● Source data

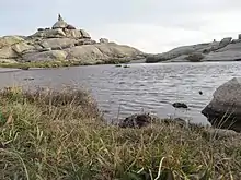 Se supone que la lagunilla de su cima ha dado origen al nombre del cerro, que significa en lengua del indígena (comechingón): 'Agua en la cabeza', es decir, 'Agua en la cumbre'.
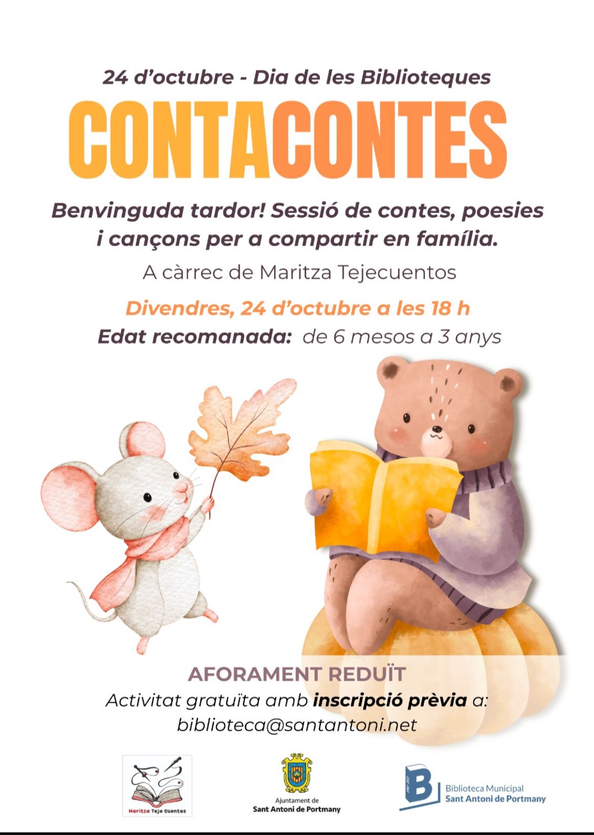 El próximo Viernes 24 de Octurbre a las 18h te espera un cuento para niños y niñas de 6 meses a 3 años en la Biblioteca de Sant Antoni.
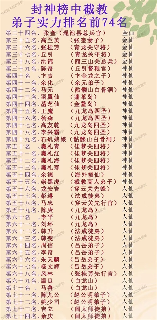下面用二张大图总结出所有截教弟子共74人的境界修为实力排名情况。

● What is expected
Could you copy each line above exactly as written, minus any pictures?

● Written solution
 Se supone que la lagunilla de su cima ha dado origen al nombre del cerro, que significa en lengua del indígena (comechingón): 'Agua en la cabeza', es decir, 'Agua en la cumbre'.
 El próximo Viernes 24 de Octurbre a las 18h te espera un cuento para niños y niñas de 6 meses a 3 años en la Biblioteca de Sant Antoni.
下面用二张大图总结出所有截教弟子共74人的境界修为实力排名情况。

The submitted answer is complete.